如何从具有不同命名空间的子项中获取lxml.objectify项?

时间:2016-11-09 07:06:58

标签: python xml xpath lxml

我有以下python脚本:

from lxml import objectify
xml = objectify.fromstring("""<?xml version="1.0" encoding="utf-8"?>
<cfdi:Comprobante xmlns:xsi="http://www.w3.org/2001/XMLSchema-instance" xmlns:cfdi="http://www.sat.gob.mx/cfd/3" xsi:schemaLocation="http://www.sat.gob.mx/cfd/3 http://www.sat.gob.mx/sitio_internet/cfd/3/cfdv32.xsd">
  <cfdi:Emisor rfc="XYZU8801017YA" nombre="MOYLOP260">
    <cfdi:DomicilioFiscal calle="Calle value"/>
    <cfdi:RegimenFiscal Regimen="Regimen value" />
  </cfdi:Emisor>
  <cfdi:Complemento>
    <tfd:TimbreFiscalDigital xsi:schemaLocation="http://www.sat.gob.mx/TimbreFiscalDigital http://www.sat.gob.mx/TimbreFiscalDigital/TimbreFiscalDigital.xsd" xmlns:tfd="http://www.sat.gob.mx/TimbreFiscalDigital"
        version="1.0" UUID="UUID value"/>
  </cfdi:Complemento>
</cfdi:Comprobante>""")
print "xml.Emisor.DomicilioFiscal.get('calle'):", xml.Emisor.DomicilioFiscal.get('calle')
print "xml.Emisor.RegimenFiscal.get('Regimen'):", xml.Emisor.RegimenFiscal.get('Regimen')
tfd = xml.Complemento.xpath('tfd:TimbreFiscalDigital[1]',
                            namespaces={'tfd': 'http://www.sat.gob.mx/TimbreFiscalDigital'})
print "tfd[0].get('UUID'):", tfd[0].get('UUID')
try:
    print "xml.Complemento.TimbreFiscalDigital: ", xml.Complemento.TimbreFiscalDigital.get('UUID')
except AttributeError:
    print "Why I have a AttributeError here?"

输出结果为:

xml.Emisor.DomicilioFiscal.get('calle'): Calle value
xml.Emisor.RegimenFiscal.get('Regimen'): Regimen value
tfd[0].get('UUID'): UUID value
xml.Complemento.TimbreFiscalDigital:  Why I have a AttributeError here?

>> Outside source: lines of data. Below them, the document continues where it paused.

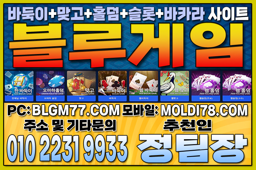 | 제목 | 블루게임홀덤 블루게임바둑이 블루게임맞고 블루게임바카라 블루게임슬롯 몰디브맞고 몰디브홀덤 몰디브바둑이 온라인바카라 | ||||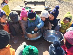海から川へ傷ついた体で力を振り絞って遡上する鮭の姿を実際に目にした年長児たち。帰る際には来ていない人たちのためにと譲ってもらった鮭を抱きかかえて、「おもたい!」と言いながらも力を合わせて車まで運んできた。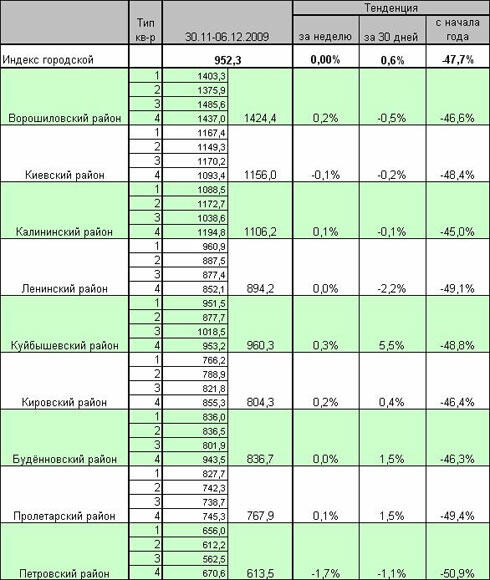 В то же время по данным компании "SV Development", за период с 1 по 6 декабря 2009 года средняя цена продажи 1-3 комнатных квартир на вторичном рынке в Донецке выросла на 0,84% ($9) до $1 086 за 1 кв.м. Самым дешевым оставался Петровский район, со средним показателем $703/кв.м., самым дорогим Ворошиловский район, где средняя цена продажи составила $1 382/кв.м.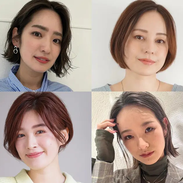 根強い人気のショートボブヘアは、こめかみまわりをカバーすることでさらに小顔効果を高めて。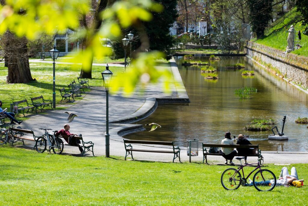 Graz Stadtpark ქალაქის ძველი ციხესიმაგრის ადგილას აშენდა. მუნიციპალურ პარკში იმპერატორმა ფრანსის ჟოზეფმა შადრევნის გარშემო ბევრი ცნობილი ადამიანის მონუმენტი განათავსა. მათ შორის არიან ავსტრიელი მწერლები, მეცნიერები და პოლიტიკოსები.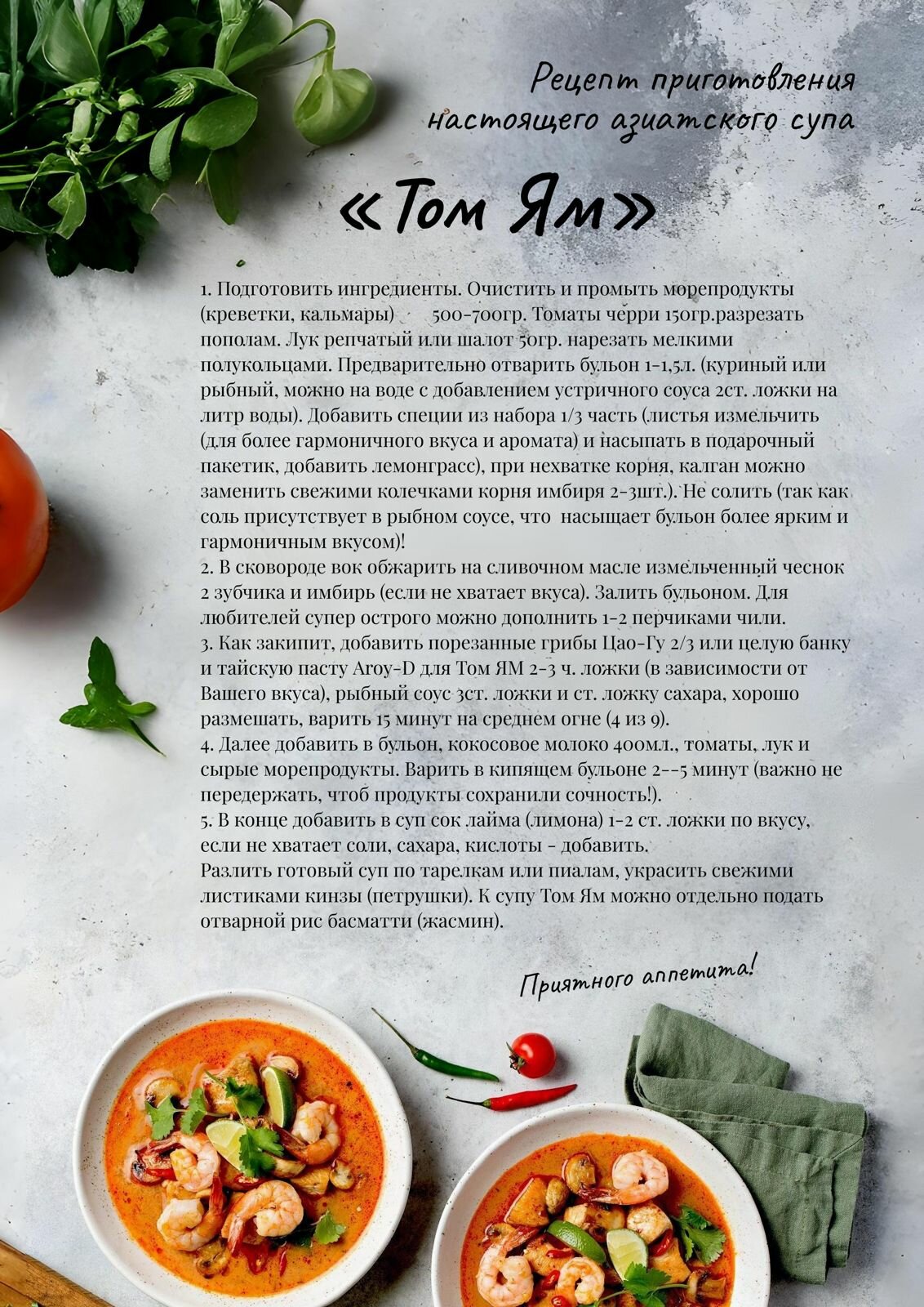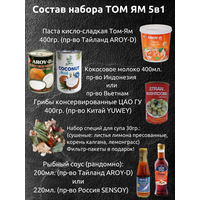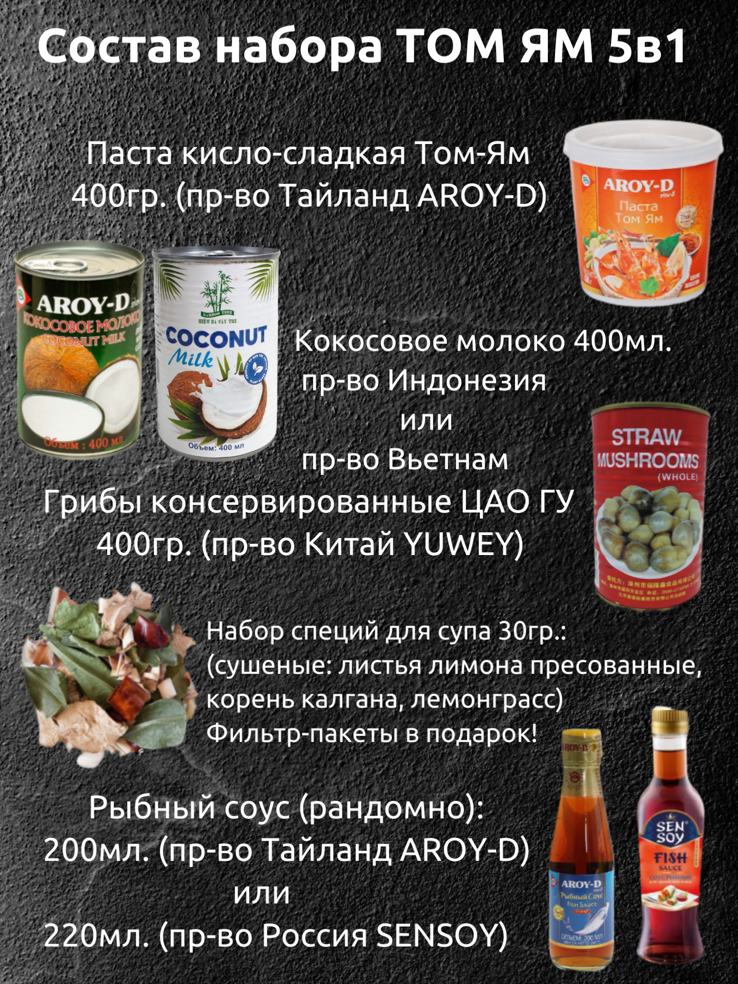 | Состав | Паста "ТОМ ЯМ" (AROY-D, Тайланд), 400гр. (лемонграсс 24%, соевое масло, сахар, лук-шалот, галангал, красный перец чили сушеный, чеснок, мякоть тамаринда, соль, регулятор кислотности лимонная кислота, усилитель вкуса и аромата глутамат натрия, рыбный соус (анчоус, соль, вода), креветочная паста (креветки, соль), каффир-лайм) Кокосовое молоко 17-19% (AROY-D, Индонезия), 400мл. (переработанная мякоть кокосового ореха 70%, вода, эмульгатор Е435 = 0,01%) или (рандомно по наличию) Кокосовое молоко 86% (жирн. 17-19%) BAMBOO TREE 400мл, Вьетнам (переработанная мякоть кокосового ореха 86%, вода, эмульгатор Е435, стабилизатор: Е466) Соус рыбный (AROY-D, Таиланд), 200мл. (экстракт анчоуса 72%, соль, сахар) или (рандомно по наличию) Соус рыбный (SEN SOY, Россия), 220мл. (вода, соль, сахар, концентрат рыбного соуса (рыба, соль, вода), регуляторы кислотности (уксусная кислота, лимонная кислота), ароматизатор и консервант (бензоат натрия)) Специи для супа "Том ЯМ" ~30гр. (листья лимона прессованные, сухие; лемонграсс измельченный, сухой; корень калгана, сухой) Грибы консервированные ЦАО-ГУ для супа "ТОМ ЯМ" (YUWEY, Китай), 400мл. (сух. вес 170гр.) (грибы ЦАО-ГУ, вода, соль, лимонная кислота) |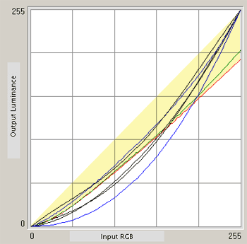 С одной стороны, каналы ведут себя более строго и «ложатся кучно». С другой, явный избыток яркости с пиком искажения на средних полутонах только увеличился. Формально говоря такая картина никуда не годится и строго требует калибратора. Причем даже в бОльшей степени, чем раньше.

我需要从最后一个节点获取值UUID,但我不喜欢使用xpath中的硬编码xml命名空间,因为这是从xml字符串定义的。

你可以帮帮我吗?谢谢!

我是否需要更新来自儿童的命名空间?

1 个答案:

答案 0 :(得分:0)

根据http://lxml.de/objectify.html#namespace-handling,您需要在进行查找时提供子项的命名空间:

tfd = xml.Complemento["{http://www.sat.gob.mx/TimbreFiscalDigital}TimbreFiscalDigital"]

可替换地:

tfd = getattr(xml.Complemento, "{http://www.sat.gob.mx/TimbreFiscalDigital}TimbreFiscalDigital")

获取特定子元素而不指定子命名空间的唯一方法(我能想到)是使用local-name()

tfd = xml.Complemento.xpath("*[local-name() = 'TimbreFiscalDigital']")[0]
print tfd.get("UUID")